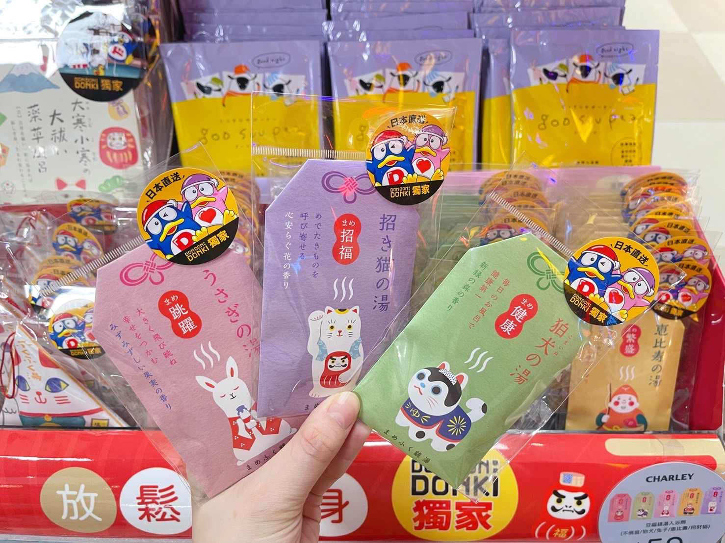 不能去日本泡湯享受沒關係,直接把來自日本的湯包帶回家,在家也能隨時享受泡湯的樂趣!這系列包裝超可愛,DON DON DONKI獨家販售的入浴劑,共有四款包裝可選擇,包含兔子、不倒翁、惠比壽、狛犬,特別設計成御守造型,也很適合當禮物送人。
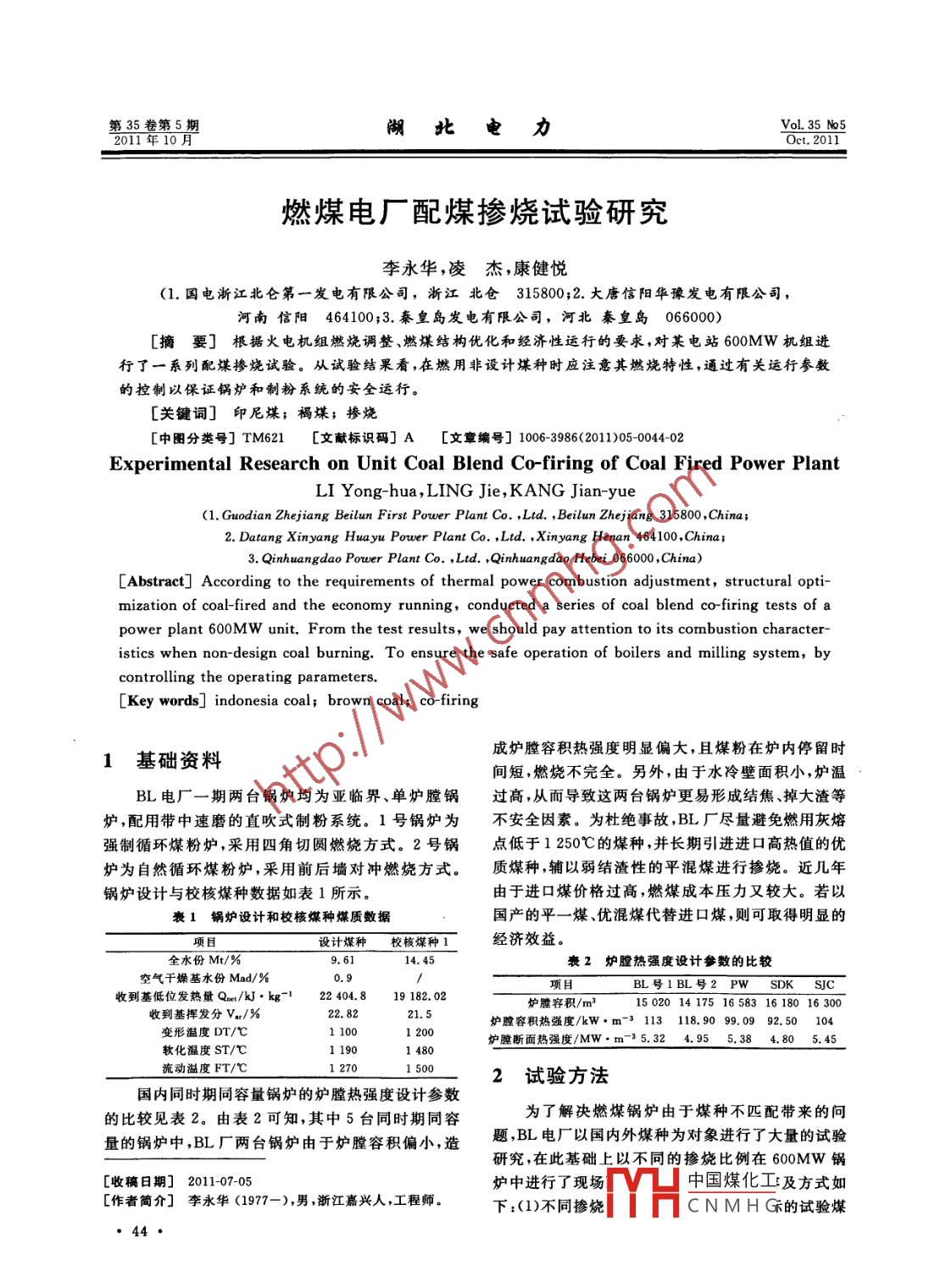 第35卷第5期湖北電力Vol.35 No52011年10月Oct. 2011燃煤電廠配煤摻燒試驗(yàn)研究李永華,凌杰,康健悅(1.國電浙江北侖第一發(fā)電有限公司,浙江北倉315800;2. 大唐信陽華豫發(fā)電有限公司,河南信陽464100;3. 秦皇島發(fā)電有限公司,河北秦皇島066000)[摘要]根據(jù)火電機(jī)組燃燒調(diào)整、燃煤結(jié)構(gòu)優(yōu)化和經(jīng)濟(jì)性運(yùn)行的要求,對(duì)某電站600MW機(jī)組進(jìn)行了一系列配煤摻燒試驗(yàn)。從試驗(yàn)結(jié)果看,在燃用非設(shè)計(jì)煤種時(shí)應(yīng)注意其燃燒特性,通過有關(guān)運(yùn)行參數(shù)的控制以保證鍋爐和制粉系統(tǒng)的安全運(yùn)行。[關(guān)鍵詞]印尼煤; 褐煤;摻燒[中團(tuán)分類號(hào)] TM621[文獻(xiàn)標(biāo)識(shí)碼] A [文章編 號(hào)] 1006-3986<2011)05-0044-02Experimental Research on Unit Coal Blend Co-firing of Coal Fired Power PlantLI Yong- hua,LING Jie, KANG Jian-yue .(1. Grodian Zhejiang Beilun First Power Plant Co. ,Lid. ,Beilun Zhejiang 315800 ,China;2. Datang Xinyang Huayu Power Plant Co. ,Ltd. ,Xinyang Henan 464100 ,China;3. Qinhuangdao Power Plant Co. ,Ltd. ,Qinhuangdao Hebei 066000 ,China)[Abstract] According to the requirements of thermal power combustion adjustment, structural opti-mization of coal-fired and the economy running, conducted a series of coal blend co-firing tests of apower plant 600MW unit. From the test results, we should pay attention to its combustion character-istics when non-design coal burning. To ensure the safe operation of boilers and milling system, bycontrolling the operating parameters.[Key words] indonesia coal; brown coal; co-firing成爐膛容積熱強(qiáng)度明顯偏大,且煤粉在爐內(nèi)停留時(shí)1基礎(chǔ)資料間短,燃燒不完全。另外,由于水冷壁面積小,爐溫BL電廠一期兩臺(tái)鍋爐均為亞臨界、單爐膛鍋過高,從而導(dǎo)致這兩臺(tái)鍋爐更易形成結(jié)焦、掉大渣等爐,配用帶中速磨的直吹式制粉系統(tǒng)。1號(hào)鍋爐為不安全因素。為杜絕事故,BL廠盡量避免燃用灰熔強(qiáng)制循環(huán)煤粉爐,采用四角切圓燃燒方式。2號(hào)鍋點(diǎn)低于1250C的煤種,并長期引進(jìn)進(jìn)口高熱值的優(yōu)爐為自然循環(huán)煤粉爐,采用前后墻對(duì)沖燃燒方式。質(zhì)煤種,輔以弱結(jié)渣性的平混煤進(jìn)行摻燒。近幾年鍋爐設(shè)計(jì)與校核煤種數(shù)據(jù)如表1所示。由于進(jìn)口煤價(jià)格過高,燃煤成本壓力又較大。若以表1鍋爐設(shè)計(jì)和校核煤種 煤質(zhì)數(shù)據(jù)國產(chǎn)的平一煤、優(yōu)混煤代替進(jìn)口煤,則可取得明顯的項(xiàng)目設(shè)計(jì)煤種校核煤種1經(jīng)濟(jì)效益。全水份Mt/%.6114. 45表2爐膛熱強(qiáng)度設(shè)計(jì)參數(shù)的比較空氣干燥基水份Mad/%0.9BL號(hào)1BL號(hào)2 PW SDK SJC收到基低位發(fā)熱量Qn/kJ.kg-' 22 404.8 19 182. 02爐膛容積/m315020 14 175 16 58316 180 16 300收到基揮發(fā)分V.e/%22. 8221.5爐膛容積熱強(qiáng)度/kW.m-3 113 118.90 99.09 92.50 104變形溫度DT/C1 1001 20爐膛斷面熱強(qiáng)度/MW.m-85.32 4.95 5.38 4.80 5. 45軟化溫度ST/C1 1901480流動(dòng)溫度FT/C1 2701 5002試驗(yàn)方法.國內(nèi)同時(shí)期同容量鍋爐的爐膛熱強(qiáng)度設(shè)計(jì)參數(shù)為了解決燃煤鍋爐由于煤種不匹配帶來的問的比較見表2。由表2可知,其中5臺(tái)同時(shí)期同容量的鍋爐中,BL廠兩臺(tái)鍋爐由于爐膛容積偏小,造題,BL電廠以國內(nèi)外煤種為對(duì)象進(jìn)行了大量的試驗(yàn)研究,在此基礎(chǔ)上以不同的摻燒比例在600MW鍋[收稿日期] 2011-07-05爐中進(jìn)行了現(xiàn)場中國煤化工及方式如[作者簡介]李永華 (1977-),男,浙江嘉興人,工程師。下:(1)不同摻燒|YHCNMHG的試驗(yàn)煤●44●第35卷第5期Vol. 35 No5湖北電力2011年10月Oct. 2011種,進(jìn)行不同摻燒比例的調(diào)整試驗(yàn)。(2)磨煤機(jī)運(yùn)行但褐煤的全水分在26%左右。在進(jìn)行褐煤單燒時(shí),組合調(diào)整。根據(jù)試驗(yàn)時(shí)磨煤機(jī)的運(yùn)行和檢修等情煤量最大僅能維持在30~40 t/h左右,分離器出口況,進(jìn)行不同磨煤機(jī)運(yùn)行組合的調(diào)整試驗(yàn),特別進(jìn)行溫度控制在65C ,嚴(yán)重限制了磨煤機(jī)出力。若按照與平六進(jìn)行1 : 1的混配,磨煤機(jī)出力最大在42~下層磨投運(yùn)及上層磨投運(yùn)的試驗(yàn)。45t/h左右,分離器出口溫度控制在70C.因此,3試驗(yàn)過程在試燒時(shí)需要注意混煤的水分,保證磨煤機(jī)出力。由于褐煤發(fā)熱量較低,在14 MJ/kg左右,在同3.1印尼煤摻燒印尼煤炭通常具有高水分、低灰分、低硫分、高等負(fù)荷下,單燒一臺(tái)褐煤,總煤量相對(duì)增加較大,五揮發(fā)分等特性。本次試驗(yàn)中使用印尼煤的發(fā)貨港化磨運(yùn)行下最高負(fù)荷為540 MW,單燒兩臺(tái)褐煤,五磨運(yùn)行下最高負(fù)荷為480 MW左右.驗(yàn)數(shù)據(jù)如表3所示。表3試驗(yàn)煤種的工業(yè)分析數(shù)據(jù)由于褐煤是易結(jié)渣的煤,但是依據(jù)現(xiàn)場實(shí)際情ViAar FCar Qnet,ar Sar T1況來看,爐膛水冷壁及大屏結(jié)渣變化趨勢(shì)不明顯。Mat/% 1% 1% 1%/MJ.kg-1/% /C主要原因是低負(fù)荷時(shí)間較長,由于各臺(tái)磨出力的限印尼煤14.938.34.6842.1224.10.721130制,低負(fù)荷時(shí)磨煤機(jī)運(yùn)行臺(tái)數(shù)增多,燃燒器熱負(fù)荷較通過實(shí)驗(yàn)室研究,推薦的印尼煤與平混煤的摻分散,故未出現(xiàn)結(jié)焦加劇情況。不
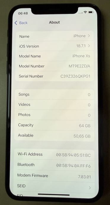 Prodajem rabljeni iPhone Xs s memorijom od 64 GB. Uređaj je upotpunosti ispravan. Zdravlje baterije je na 85 %.

# [Requirement]
From the material above, print everything exactly except the pictures.

# [Solution for this task]
 不能去日本泡湯享受沒關係,直接把來自日本的湯包帶回家,在家也能隨時享受泡湯的樂趣!這系列包裝超可愛,DON DON DONKI獨家販售的入浴劑,共有四款包裝可選擇,包含兔子、不倒翁、惠比壽、狛犬,特別設計成御守造型,也很適合當禮物送人。
 第35卷第5期湖北電力Vol.35 No52011年10月Oct. 2011燃煤電廠配煤摻燒試驗(yàn)研究李永華,凌杰,康健悅(1.國電浙江北侖第一發(fā)電有限公司,浙江北倉315800;2. 大唐信陽華豫發(fā)電有限公司,河南信陽464100;3. 秦皇島發(fā)電有限公司,河北秦皇島066000)[摘要]根據(jù)火電機(jī)組燃燒調(diào)整、燃煤結(jié)構(gòu)優(yōu)化和經(jīng)濟(jì)性運(yùn)行的要求,對(duì)某電站600MW機(jī)組進(jìn)行了一系列配煤摻燒試驗(yàn)。從試驗(yàn)結(jié)果看,在燃用非設(shè)計(jì)煤種時(shí)應(yīng)注意其燃燒特性,通過有關(guān)運(yùn)行參數(shù)的控制以保證鍋爐和制粉系統(tǒng)的安全運(yùn)行。[關(guān)鍵詞]印尼煤; 褐煤;摻燒[中團(tuán)分類號(hào)] TM621[文獻(xiàn)標(biāo)識(shí)碼] A [文章編 號(hào)] 1006-3986<2011)05-0044-02Experimental Research on Unit Coal Blend Co-firing of Coal Fired Power PlantLI Yong- hua,LING Jie, KANG Jian-yue .(1. Grodian Zhejiang Beilun First Power Plant Co. ,Lid. ,Beilun Zhejiang 315800 ,China;2. Datang Xinyang Huayu Power Plant Co. ,Ltd. ,Xinyang Henan 464100 ,China;3. Qinhuangdao Power Plant Co. ,Ltd. ,Qinhuangdao Hebei 066000 ,China)[Abstract] According to the requirements of thermal power combustion adjustment, structural opti-mization of coal-fired and the economy running, conducted a series of coal blend co-firing tests of apower plant 600MW unit. From the test results, we should pay attention to its combustion character-istics when non-design coal burning. To ensure the safe operation of boilers and milling system, bycontrolling the operating parameters.[Key words] indonesia coal; brown coal; co-firing成爐膛容積熱強(qiáng)度明顯偏大,且煤粉在爐內(nèi)停留時(shí)1基礎(chǔ)資料間短,燃燒不完全。另外,由于水冷壁面積小,爐溫BL電廠一期兩臺(tái)鍋爐均為亞臨界、單爐膛鍋過高,從而導(dǎo)致這兩臺(tái)鍋爐更易形成結(jié)焦、掉大渣等爐,配用帶中速磨的直吹式制粉系統(tǒng)。1號(hào)鍋爐為不安全因素。為杜絕事故,BL廠盡量避免燃用灰熔強(qiáng)制循環(huán)煤粉爐,采用四角切圓燃燒方式。2號(hào)鍋點(diǎn)低于1250C的煤種,并長期引進(jìn)進(jìn)口高熱值的優(yōu)爐為自然循環(huán)煤粉爐,采用前后墻對(duì)沖燃燒方式。質(zhì)煤種,輔以弱結(jié)渣性的平混煤進(jìn)行摻燒。近幾年鍋爐設(shè)計(jì)與校核煤種數(shù)據(jù)如表1所示。由于進(jìn)口煤價(jià)格過高,燃煤成本壓力又較大。若以表1鍋爐設(shè)計(jì)和校核煤種 煤質(zhì)數(shù)據(jù)國產(chǎn)的平一煤、優(yōu)混煤代替進(jìn)口煤,則可取得明顯的項(xiàng)目設(shè)計(jì)煤種校核煤種1經(jīng)濟(jì)效益。全水份Mt/%.6114. 45表2爐膛熱強(qiáng)度設(shè)計(jì)參數(shù)的比較空氣干燥基水份Mad/%0.9BL號(hào)1BL號(hào)2 PW SDK SJC收到基低位發(fā)熱量Qn/kJ.kg-' 22 404.8 19 182. 02爐膛容積/m315020 14 175 16 58316 180 16 300收到基揮發(fā)分V.e/%22. 8221.5爐膛容積熱強(qiáng)度/kW.m-3 113 118.90 99.09 92.50 104變形溫度DT/C1 1001 20爐膛斷面熱強(qiáng)度/MW.m-85.32 4.95 5.38 4.80 5. 45軟化溫度ST/C1 1901480流動(dòng)溫度FT/C1 2701 5002試驗(yàn)方法.國內(nèi)同時(shí)期同容量鍋爐的爐膛熱強(qiáng)度設(shè)計(jì)參數(shù)為了解決燃煤鍋爐由于煤種不匹配帶來的問的比較見表2。由表2可知,其中5臺(tái)同時(shí)期同容量的鍋爐中,BL廠兩臺(tái)鍋爐由于爐膛容積偏小,造題,BL電廠以國內(nèi)外煤種為對(duì)象進(jìn)行了大量的試驗(yàn)研究,在此基礎(chǔ)上以不同的摻燒比例在600MW鍋[收稿日期] 2011-07-05爐中進(jìn)行了現(xiàn)場中國煤化工及方式如[作者簡介]李永華 (1977-),男,浙江嘉興人,工程師。下:(1)不同摻燒|YHCNMHG的試驗(yàn)煤●44●第35卷第5期Vol. 35 No5湖北電力2011年10月Oct. 2011種,進(jìn)行不同摻燒比例的調(diào)整試驗(yàn)。(2)磨煤機(jī)運(yùn)行但褐煤的全水分在26%左右。在進(jìn)行褐煤單燒時(shí),組合調(diào)整。根據(jù)試驗(yàn)時(shí)磨煤機(jī)的運(yùn)行和檢修等情煤量最大僅能維持在30~40 t/h左右,分離器出口況,進(jìn)行不同磨煤機(jī)運(yùn)行組合的調(diào)整試驗(yàn),特別進(jìn)行溫度控制在65C ,嚴(yán)重限制了磨煤機(jī)出力。若按照與平六進(jìn)行1 : 1的混配,磨煤機(jī)出力最大在42~下層磨投運(yùn)及上層磨投運(yùn)的試驗(yàn)。45t/h左右,分離器出口溫度控制在70C.因此,3試驗(yàn)過程在試燒時(shí)需要注意混煤的水分,保證磨煤機(jī)出力。由于褐煤發(fā)熱量較低,在14 MJ/kg左右,在同3.1印尼煤摻燒印尼煤炭通常具有高水分、低灰分、低硫分、高等負(fù)荷下,單燒一臺(tái)褐煤,總煤量相對(duì)增加較大,五揮發(fā)分等特性。本次試驗(yàn)中使用印尼煤的發(fā)貨港化磨運(yùn)行下最高負(fù)荷為540 MW,單燒兩臺(tái)褐煤,五磨運(yùn)行下最高負(fù)荷為480 MW左右.驗(yàn)數(shù)據(jù)如表3所示。表3試驗(yàn)煤種的工業(yè)分析數(shù)據(jù)由于褐煤是易結(jié)渣的煤,但是依據(jù)現(xiàn)場實(shí)際情ViAar FCar Qnet,ar Sar T1況來看,爐膛水冷壁及大屏結(jié)渣變化趨勢(shì)不明顯。Mat/% 1% 1% 1%/MJ.kg-1/% /C主要原因是低負(fù)荷時(shí)間較長,由于各臺(tái)磨出力的限印尼煤14.938.34.6842.1224.10.721130制,低負(fù)荷時(shí)磨煤機(jī)運(yùn)行臺(tái)數(shù)增多,燃燒器熱負(fù)荷較通過實(shí)驗(yàn)室研究,推薦的印尼煤與平混煤的摻分散,故未出現(xiàn)結(jié)焦加劇情況。不
 Prodajem rabljeni iPhone Xs s memorijom od 64 GB. Uređaj je upotpunosti ispravan. Zdravlje baterije je na 85 %.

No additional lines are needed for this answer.